Safdarjung's rebellion
| Date | 10 May 1753 |
| Location | Delhi |
| Result | Mughal-Rohillas alliance victory |

Belligerents
- Oudh State Kingdom of Bharatpur: Mughal Empire Rohilla Afghans

Commanders and leaders
- Safdar Jung Suraj Mal Sayyid Salabat Khan Zulfiqar Jang: Ahmad Shah Bahadur Intizam-ud-Daulah Imad-ul-Mulk Najib ad-Dawlah

= Safdarjung's rebellion =

1753 rebellion

The Safdarjung's rebellion occurred on 10 March 1753 during the waning years of the Mughal Empire. It was characterized by a conflict between Safdarjung, the Nawab of Oudh, and the Mughal emperor Ahmad Shah Bahadur, alongside his court factions.

==Background==
Tensions between Safdarjung and Intizam-ud-Daulah, another prominent noble, had been escalating since March 1753. Emperor Ahmad Shah Bahadur lacked the authority to control these powerful nobles. Although the emperor and his mother initially ordered Safdarjung to return to his governorship in Oudh, Safdarjung delayed his departure. Eventually, on 26 March 1753, he left Delhi but, instead of returning to Oudh, set up camp just outside the city with his army. Safdarjung wavered between allying with the emperor or taking action against him.

For a time, both sides hesitated to act, but Safdarjung's position shifted after receiving reinforcements from Suraj Mal, the Jat ruler, and Salabat Khan. Gaining confidence, Safdarjung encouraged the Jats to loot Old Delhi. On 9 May 1753, the Jats plundered the city, burning several areas. Many civilians fled to the fortified New Delhi, while the Jats extracted lakhs of rupees from the city's outskirts.

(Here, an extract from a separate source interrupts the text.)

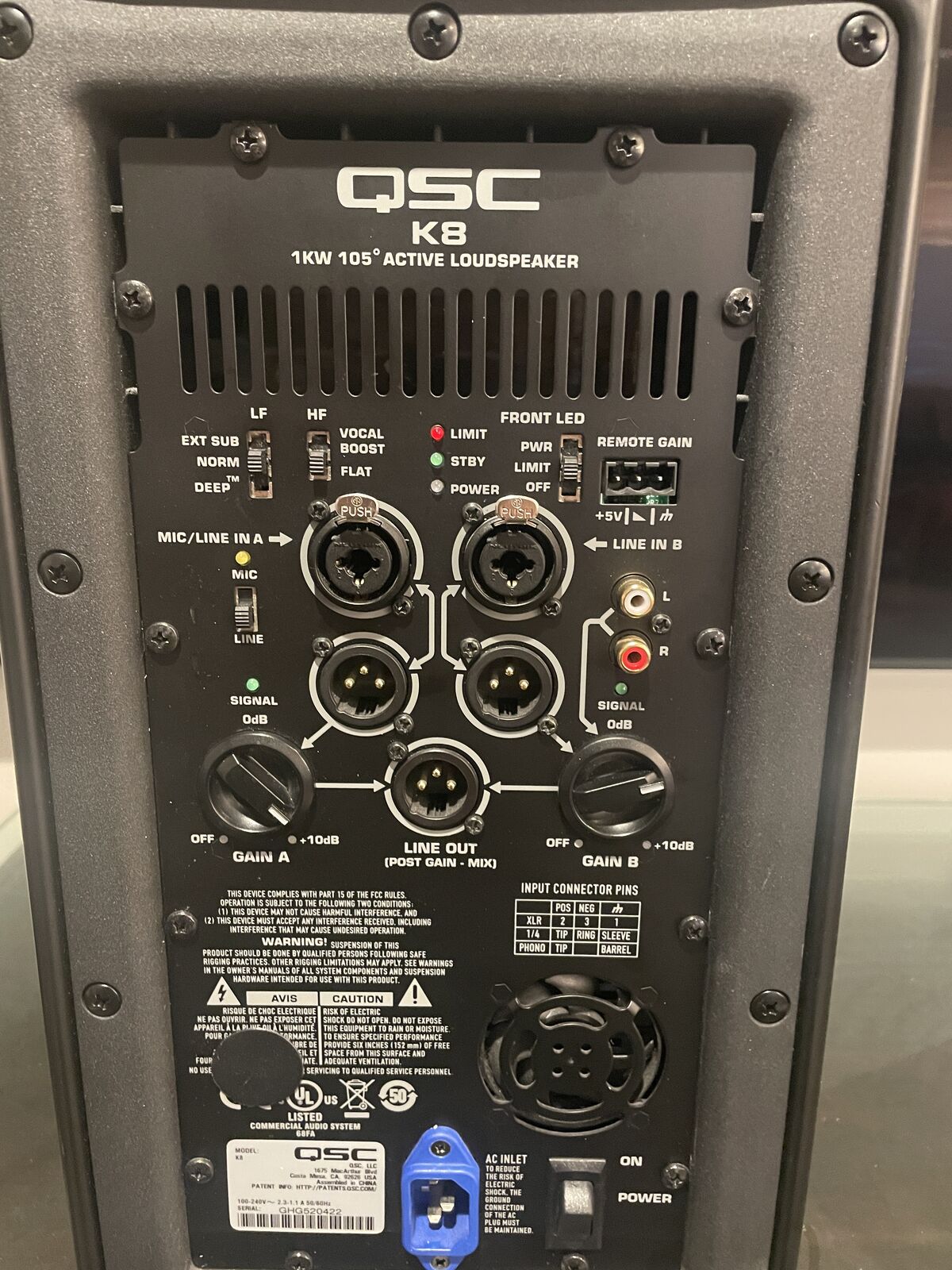 VenmoThis listing is for a QSC K8 loudspeaker. It's in great shape and sounds perfect. Specs are below. This speaker is surprisingly loud and has a built-in two channel mixer with XLR combo chacks as well as a third input for phones, tablets, or any other source you might use for playback.

In response, on 13 May 1753, Ahmad Shah Bahadur dismissed Safdarjung as Wazir (prime minister) and appointed Intizam-ud-Daulah in his place, with Imad-ul-Mulk as Mir Bakshi (chief military officer). Safdarjung retaliated by declaring a eunuch as a rival emperor under the name Akbar Ādilshāh and appointing himself as Wazir and Sarbuland Khan as Mir Bakshi.

==Battle==
Between 9 May and 4 June 1753, numerous skirmishes took place, largely favoring Safdarjung. However, the arrival of Najib Khan and his Rohilla forces to aid the emperor changed the tide. A significant assault on Delhi's walls on 5 June failed, marking the beginning of Safdarjung's decline. By 7 November, Safdarjung had suffered several defeats and was pushed back to Ballabgarh.

One of the pivotal moments for Safdarjung was the death of his favored general, Rajendra Gossain, from a musket shot. Devastated, Safdarjung refused to enter the battlefield personally, which demoralized his troops. The Jats and Qizilbashes on Safdarjung's side continued to fight against the Marathas and the imperial forces, but the morale of his men weakened, leading to defections to the emperor's camp.

Meanwhile, the emperor received reinforcements from several regional rulers, and the Marathas exploited the situation by attacking Safdarjung's rear, looting his camp. Suraj Mal, recognizing the deteriorating situation, entered negotiations with Intizam-ud-Daulah. Desperate for peace, Ahmad Shah Bahadur sought the assistance of Sawai Madho Singh of Jaipur. Madho Singh successfully mediated a peace treaty between the emperor and Safdarjung. As a reward, the emperor granted Madho Singh the fort and district of Ranthambore.

Safdarjung and the other warlords eventually left the capital. However, the conflict left the emperor financially strained, contributing to his eventual dethronement six months later.

==Aftermath==
The rebellion had severe financial consequences for the Mughal Empire. The emperor's army and its allies, numbering around 80,000 troops, cost the imperial treasury approximately 24 lakh rupees per month. The prolonged conflict, which lasted seven months, left the emperor indebted by 1 crore and 68 lakhs. Additionally, the imperial forces had not been paid for two years, and the emperor was only able to raise two lakhs by selling his personal jewelry.

Following the rebellion, Imad-ul-Mulk, the de facto ruler of Delhi, sought assistance from the Marathas and orchestrated an attack on Jat territory. In January 1754, the Marathas, led by Raghunath Rao, alongside Mughal forces, laid siege to the Kumher Fort, ruled by Suraj Mal. Despite a strong resistance from Suraj Mal, the Marathas failed to capture the fort and eventually accepted 30 lakh rupees as compensation. Furthermore, Imad-ul-Mulk and Raghunath Rao extorted an additional two crores from Suraj Mal, which they had promised to deliver to the emperor as Peshkash (tribute).